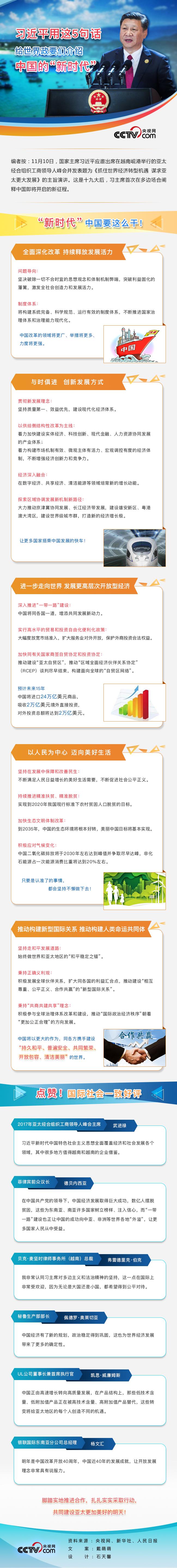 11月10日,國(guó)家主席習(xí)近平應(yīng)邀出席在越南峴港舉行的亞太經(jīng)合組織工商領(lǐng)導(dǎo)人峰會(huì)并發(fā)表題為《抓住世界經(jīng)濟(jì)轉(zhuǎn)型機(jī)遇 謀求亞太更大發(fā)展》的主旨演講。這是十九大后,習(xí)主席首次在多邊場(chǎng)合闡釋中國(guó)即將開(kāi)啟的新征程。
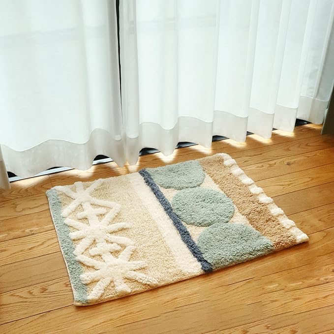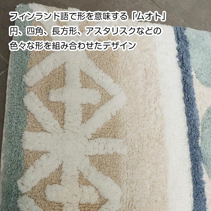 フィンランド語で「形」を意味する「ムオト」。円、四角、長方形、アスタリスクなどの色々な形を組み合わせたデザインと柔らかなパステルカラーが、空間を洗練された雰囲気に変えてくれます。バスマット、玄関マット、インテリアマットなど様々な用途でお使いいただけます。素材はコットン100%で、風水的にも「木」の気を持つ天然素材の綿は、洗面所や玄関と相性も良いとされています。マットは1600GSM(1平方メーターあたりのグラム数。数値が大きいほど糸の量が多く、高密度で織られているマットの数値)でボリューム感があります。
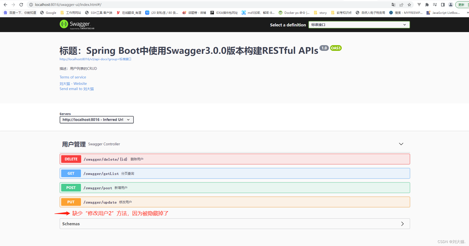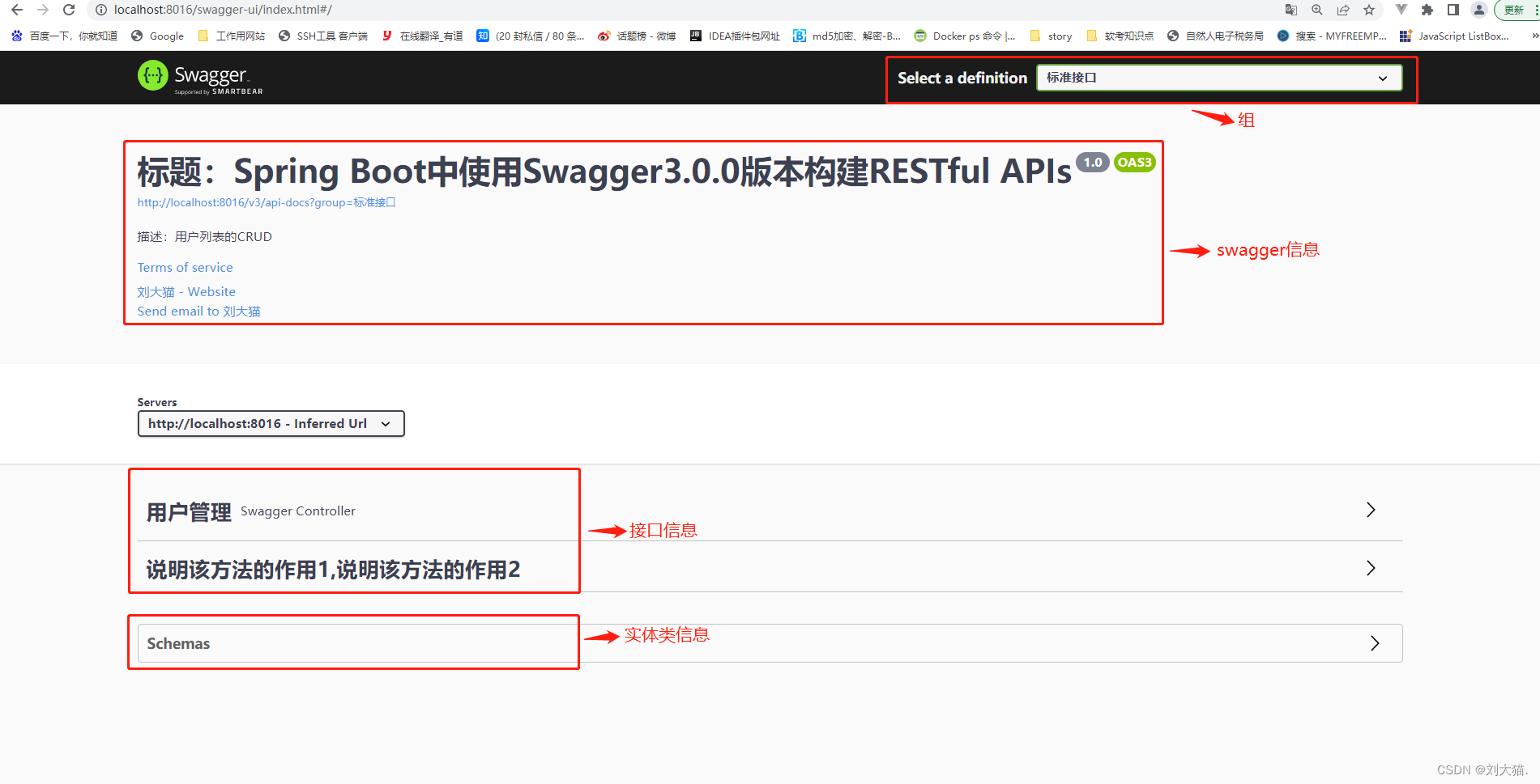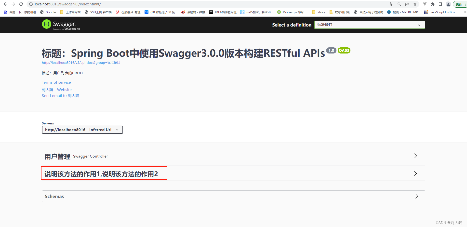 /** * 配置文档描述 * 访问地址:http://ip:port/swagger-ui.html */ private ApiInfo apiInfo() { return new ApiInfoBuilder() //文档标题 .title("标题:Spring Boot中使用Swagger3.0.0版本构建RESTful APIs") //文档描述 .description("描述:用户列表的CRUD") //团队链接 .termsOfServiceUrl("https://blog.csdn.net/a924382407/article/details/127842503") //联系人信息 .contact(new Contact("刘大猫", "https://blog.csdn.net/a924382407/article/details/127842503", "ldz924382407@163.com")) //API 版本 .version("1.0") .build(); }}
⁂
Task statement
One exact copy of the data, no pictures: write it out line for line.

Solution for this exercise
 11月10日,國(guó)家主席習(xí)近平應(yīng)邀出席在越南峴港舉行的亞太經(jīng)合組織工商領(lǐng)導(dǎo)人峰會(huì)并發(fā)表題為《抓住世界經(jīng)濟(jì)轉(zhuǎn)型機(jī)遇 謀求亞太更大發(fā)展》的主旨演講。這是十九大后,習(xí)主席首次在多邊場(chǎng)合闡釋中國(guó)即將開(kāi)啟的新征程。
 フィンランド語で「形」を意味する「ムオト」。円、四角、長方形、アスタリスクなどの色々な形を組み合わせたデザインと柔らかなパステルカラーが、空間を洗練された雰囲気に変えてくれます。バスマット、玄関マット、インテリアマットなど様々な用途でお使いいただけます。素材はコットン100%で、風水的にも「木」の気を持つ天然素材の綿は、洗面所や玄関と相性も良いとされています。マットは1600GSM(1平方メーターあたりのグラム数。数値が大きいほど糸の量が多く、高密度で織られているマットの数値)でボリューム感があります。
 /** * 配置文档描述 * 访问地址:http://ip:port/swagger-ui.html */ private ApiInfo apiInfo() { return new ApiInfoBuilder() //文档标题 .title("标题:Spring Boot中使用Swagger3.0.0版本构建RESTful APIs") //文档描述 .description("描述:用户列表的CRUD") //团队链接 .termsOfServiceUrl("https://blog.csdn.net/a924382407/article/details/127842503") //联系人信息 .contact(new Contact("刘大猫", "https://blog.csdn.net/a924382407/article/details/127842503", "ldz924382407@163.com")) //API 版本 .version("1.0") .build(); }}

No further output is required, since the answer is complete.